Data to process —
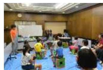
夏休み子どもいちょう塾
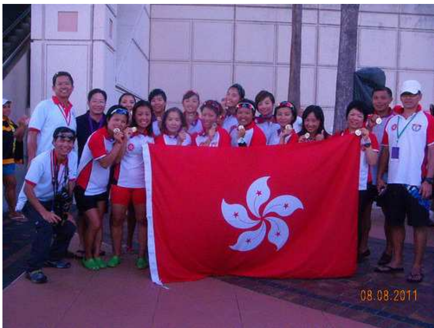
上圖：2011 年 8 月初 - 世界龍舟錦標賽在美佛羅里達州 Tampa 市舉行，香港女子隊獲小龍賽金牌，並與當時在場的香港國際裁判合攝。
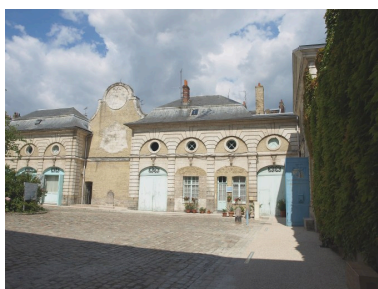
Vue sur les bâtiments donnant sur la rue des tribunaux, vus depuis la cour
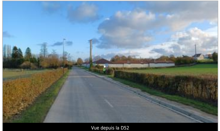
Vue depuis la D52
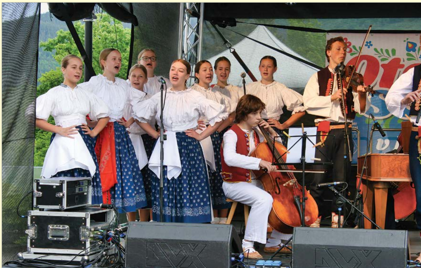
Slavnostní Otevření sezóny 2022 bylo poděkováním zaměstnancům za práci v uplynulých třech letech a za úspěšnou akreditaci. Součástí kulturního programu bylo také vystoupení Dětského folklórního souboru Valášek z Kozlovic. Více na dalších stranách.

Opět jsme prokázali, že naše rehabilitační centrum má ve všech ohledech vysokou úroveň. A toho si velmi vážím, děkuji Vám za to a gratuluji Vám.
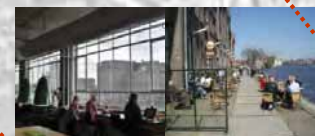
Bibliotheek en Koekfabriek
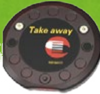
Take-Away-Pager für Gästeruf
---
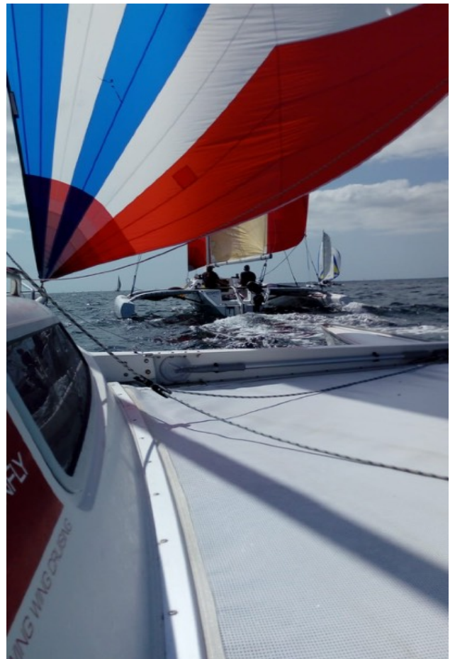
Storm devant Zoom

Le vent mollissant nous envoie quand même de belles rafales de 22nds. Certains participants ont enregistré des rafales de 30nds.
* * *
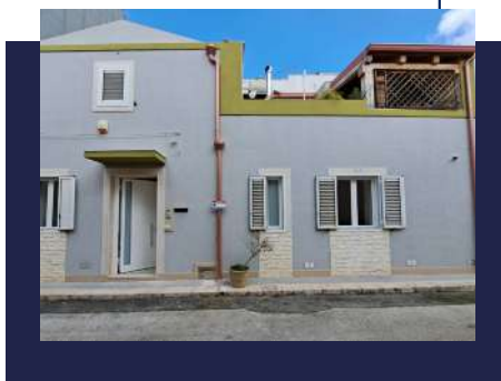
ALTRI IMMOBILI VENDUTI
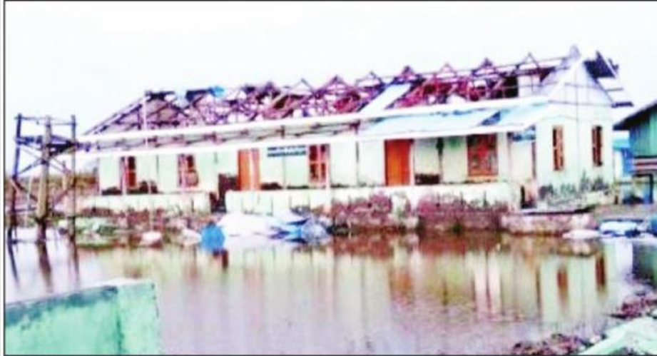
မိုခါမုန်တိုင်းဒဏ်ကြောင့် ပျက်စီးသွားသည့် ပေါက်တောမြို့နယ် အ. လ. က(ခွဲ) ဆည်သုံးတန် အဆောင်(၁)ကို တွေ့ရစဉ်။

What is being asked — Look above for the line with "夏休み子どもいちょう塾" and the line with "Take-Away-Pager für Gästeruf"; set down those two lines and all lines between them exactly, without pictures and without anything else.

Result for this task —
夏休み子どもいちょう塾
上圖：2011 年 8 月初 - 世界龍舟錦標賽在美佛羅里達州 Tampa 市舉行，香港女子隊獲小龍賽金牌，並與當時在場的香港國際裁判合攝。
Vue sur les bâtiments donnant sur la rue des tribunaux, vus depuis la cour
Vue depuis la D52
Slavnostní Otevření sezóny 2022 bylo poděkováním zaměstnancům za práci v uplynulých třech letech a za úspěšnou akreditaci. Součástí kulturního programu bylo také vystoupení Dětského folklórního souboru Valášek z Kozlovic. Více na dalších stranách.

Opět jsme prokázali, že naše rehabilitační centrum má ve všech ohledech vysokou úroveň. A toho si velmi vážím, děkuji Vám za to a gratuluji Vám.
Bibliotheek en Koekfabriek
Take-Away-Pager für Gästeruf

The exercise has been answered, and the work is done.